### Assigned task
From the listing below, reproduce exactly the lines starting with the one with "Glossy ankle boots" and going on through the one with "边款:子勤大兄喜篆刻,余耳其", both ends kept. No picture is copied.

### Source material
--------------------------------

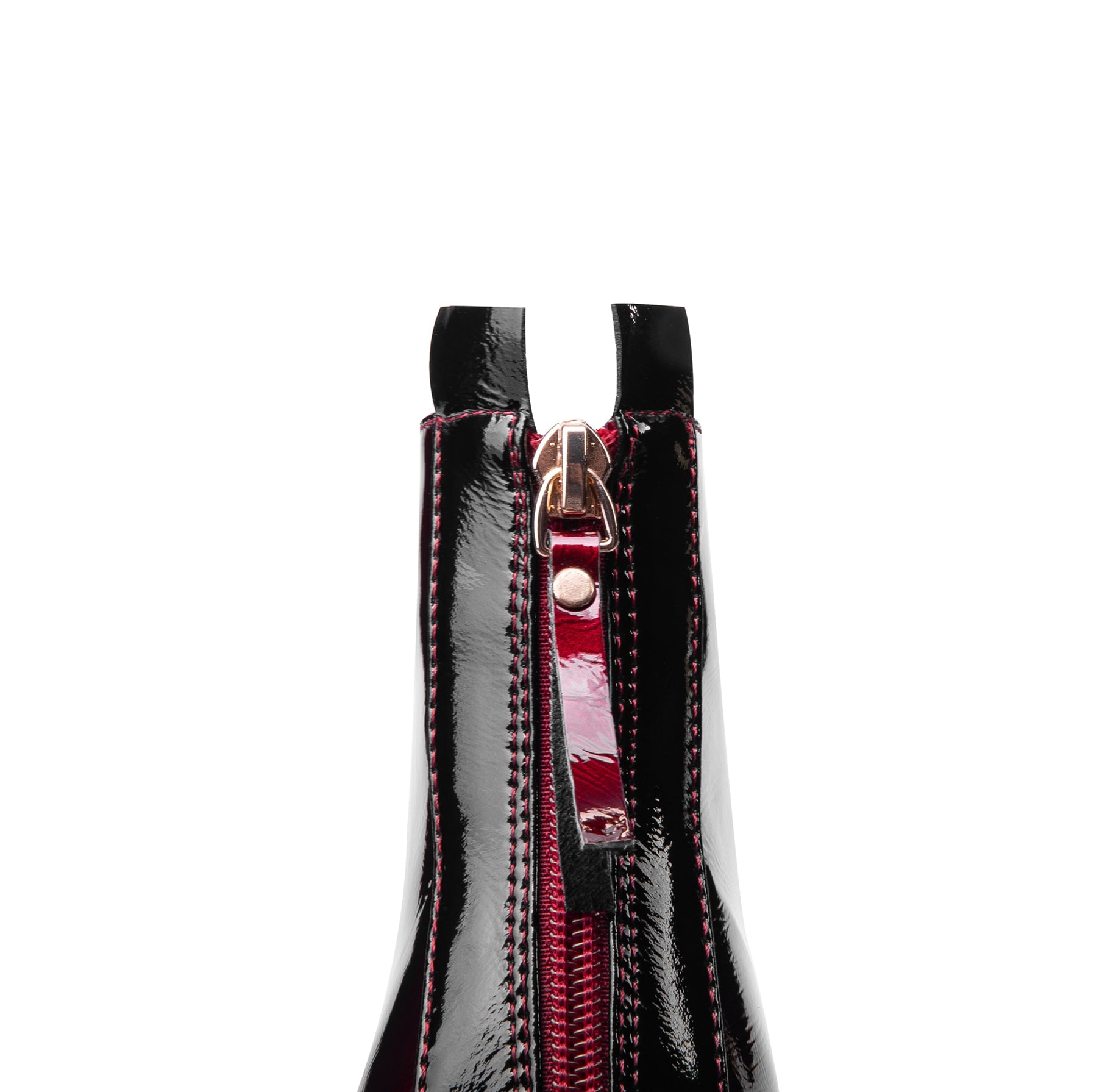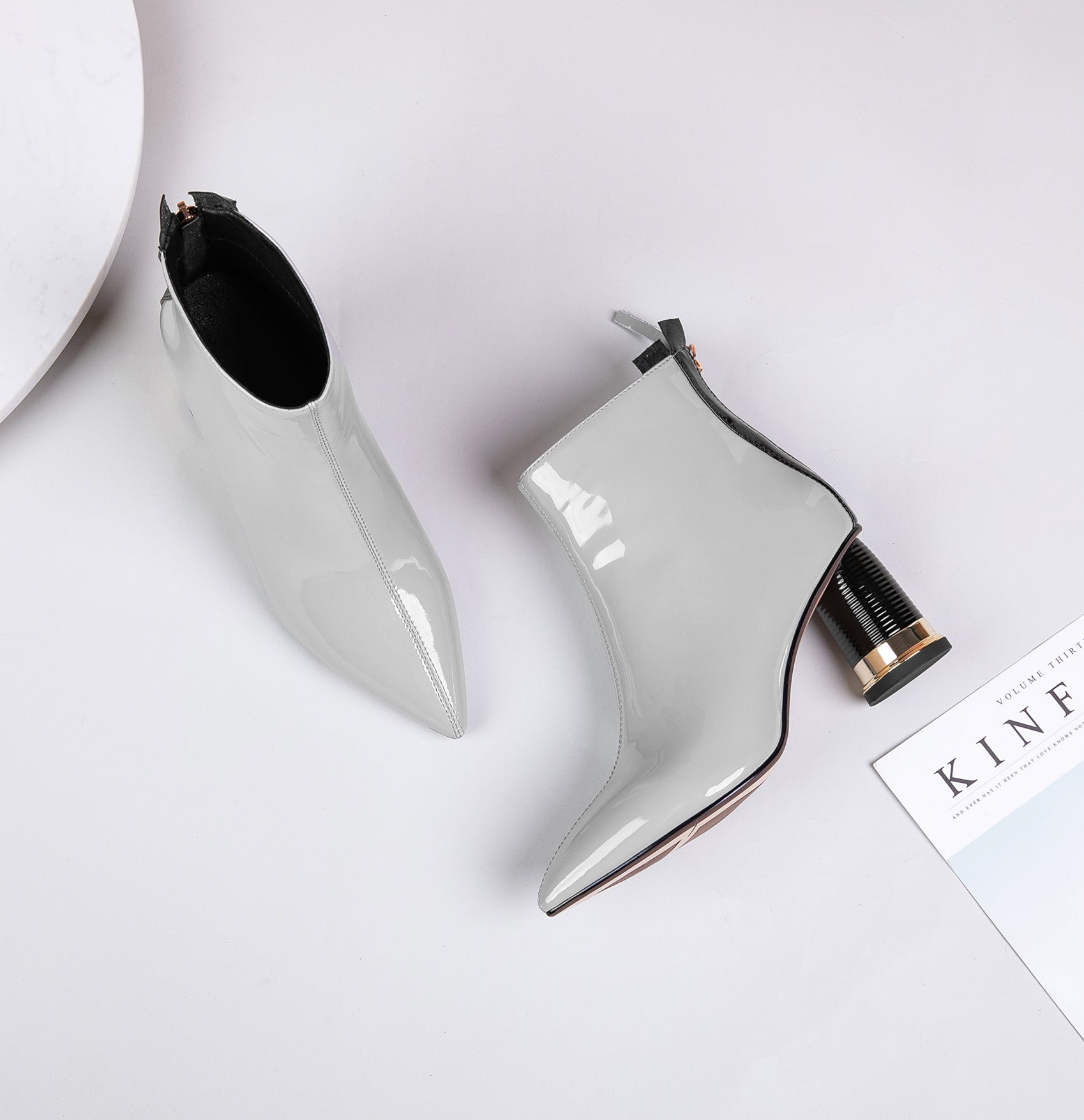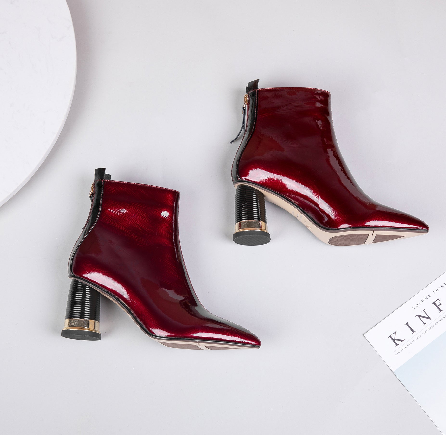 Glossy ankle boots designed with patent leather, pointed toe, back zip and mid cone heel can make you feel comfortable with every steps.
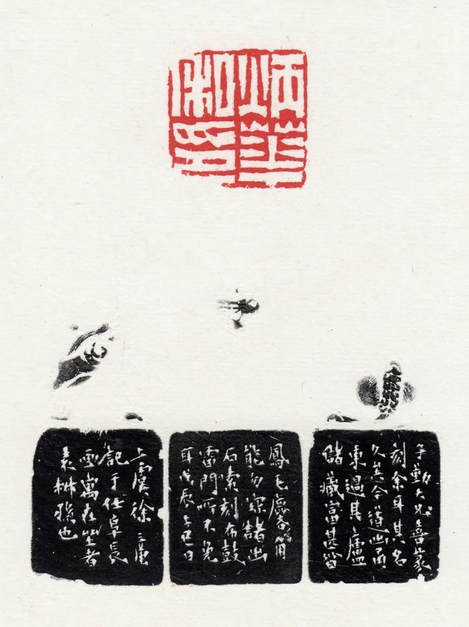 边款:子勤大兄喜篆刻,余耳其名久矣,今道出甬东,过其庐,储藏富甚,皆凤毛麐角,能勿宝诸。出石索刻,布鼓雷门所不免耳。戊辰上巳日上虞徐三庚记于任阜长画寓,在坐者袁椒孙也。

--------------------------------

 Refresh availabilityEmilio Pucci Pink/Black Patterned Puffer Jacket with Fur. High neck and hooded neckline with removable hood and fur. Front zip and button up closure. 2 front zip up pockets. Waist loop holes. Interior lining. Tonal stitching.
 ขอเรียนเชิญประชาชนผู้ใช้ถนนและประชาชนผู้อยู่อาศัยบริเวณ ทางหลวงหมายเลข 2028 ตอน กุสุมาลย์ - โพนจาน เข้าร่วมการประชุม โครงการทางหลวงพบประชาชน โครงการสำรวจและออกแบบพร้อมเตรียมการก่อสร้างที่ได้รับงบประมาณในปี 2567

--------------------------------

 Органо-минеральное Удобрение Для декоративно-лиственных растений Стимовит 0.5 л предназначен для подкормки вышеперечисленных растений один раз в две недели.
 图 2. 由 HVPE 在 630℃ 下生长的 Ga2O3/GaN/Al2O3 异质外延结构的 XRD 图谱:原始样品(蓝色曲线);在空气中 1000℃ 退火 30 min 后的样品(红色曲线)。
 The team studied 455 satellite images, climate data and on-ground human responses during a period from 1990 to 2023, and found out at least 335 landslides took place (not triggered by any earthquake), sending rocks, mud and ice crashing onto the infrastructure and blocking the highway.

--------------------------------

### Response box
 Glossy ankle boots designed with patent leather, pointed toe, back zip and mid cone heel can make you feel comfortable with every steps.
 边款:子勤大兄喜篆刻,余耳其名久矣,今道出甬东,过其庐,储藏富甚,皆凤毛麐角,能勿宝诸。出石索刻,布鼓雷门所不免耳。戊辰上巳日上虞徐三庚记于任阜长画寓,在坐者袁椒孙也。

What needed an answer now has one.